First, it is interesting that different automated measures predicted human scores between the two prompts (persuasive essay and written summary). This finding supports other work that suggesting that individuals’ writing skill, when measured on the same construct using different prompts, is not necessarily stable (Danzak 2011; Olinghouse and Leaird 2009; Olinghouse and Wilson 2013). These findings suggest that future investigations of the relation between automated and human scores should measure performance within the same samples on different prompts and genres.

Second, there are reasons to be cautious about drawing conclusions about the relation between the automated and human scores when, as in the current case, very few of a large set of variables were found to be predictive. Of the 104 Coh-Metrix variables tested (52 variables tested for each writing prompt) in the second part of our study, only two reliably differentiated persuasive essay quality and only eight differentiated written summary quality. In fact, given the large number of variables tested, these may be chance findings. Further, trends towards any particular pattern of results were not evident in the current dataset, evidenced by low F values (less than 25 % of the F values were larger than 2, which is around a p value of .2) and the standard deviations were large. The large degree of variation in the data, when the Coh-Metrix variables were run from all of McNamara et al.’s (2010) five classes, supports the suggestion made above that there may be many ways to write poorly.

In fact, the investigation was atheoretical in regard to writing ability, as our concern was simply whether the automated measures were able to predict the human scores. However, in an investigation guided by a theory of the relation between linguistic measures and overall writing quality, the number of variables found to be reliable predictors would not matter, because theory-based expectations about variables that might discriminate high from low proficiency writers could be tested. In this case, even if all of the theoretically relevant, individual automated measures were not statistically significant predictors, the right combination could produce an effective discriminant model to distinguish the characteristics of writing of individuals who vary in proficiency.

Another suggestion for future directions in research on the relation between human and automated scoring is to compare outcomes for three distinct populations varying in writing quality, highly proficient writers such as graduate students, average-achieving writers such as the typically-performing undergraduates studied by McNamara et al. (2010), and low proficiency college developmental education writers as in the current study.

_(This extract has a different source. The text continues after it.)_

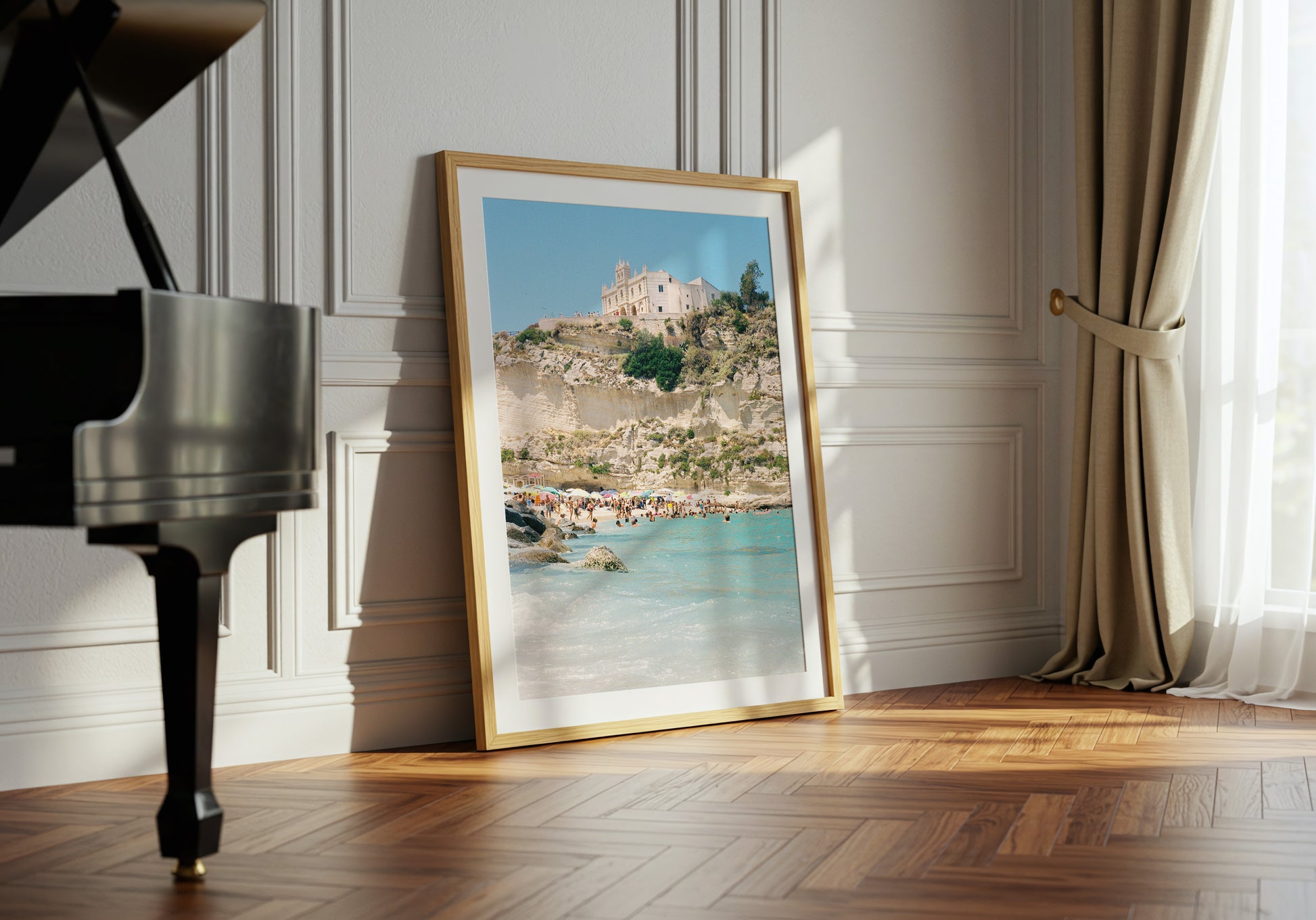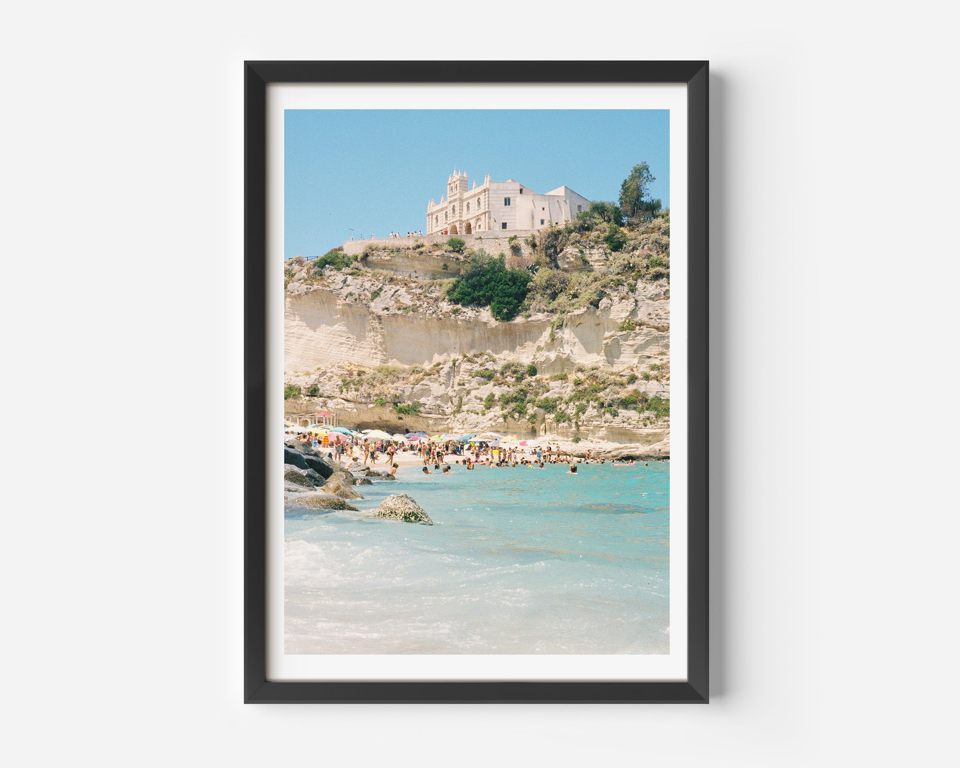 Framed by dramatic limestone cliffs and crowned by the historic Santa Maria dell’Isola, Spiaggia di Tropea is a vision of southern Italian summer. The turquoise waters shimmer under the midday sun as beachgoers find shade beneath colorful umbrellas, embodying the effortless charm of la dolce vita.

Further, the alignment of human and automated scores should be explored, as developmental evidence on college students may show different growth patterns on human- and machine-scored linguistic and proficiency variables (Crossley et al. 2016). Overall, it will be important, as research in writing skills using automated scoring goes forward, to verify the accuracy of human scores and the theoretical relevance of automated linguistic scores, and consider how each type of evaluation might most usefully inform classroom instruction. In this context, it will be important to compare outcomes on the same populations for different automated scoring engines that are becoming available. Findings for Coh-Metrix have been reported in a large number of research publications but these are early days in this field, and the relative utility of the various available scoring engines for improving educational outcomes remains to be demonstrated.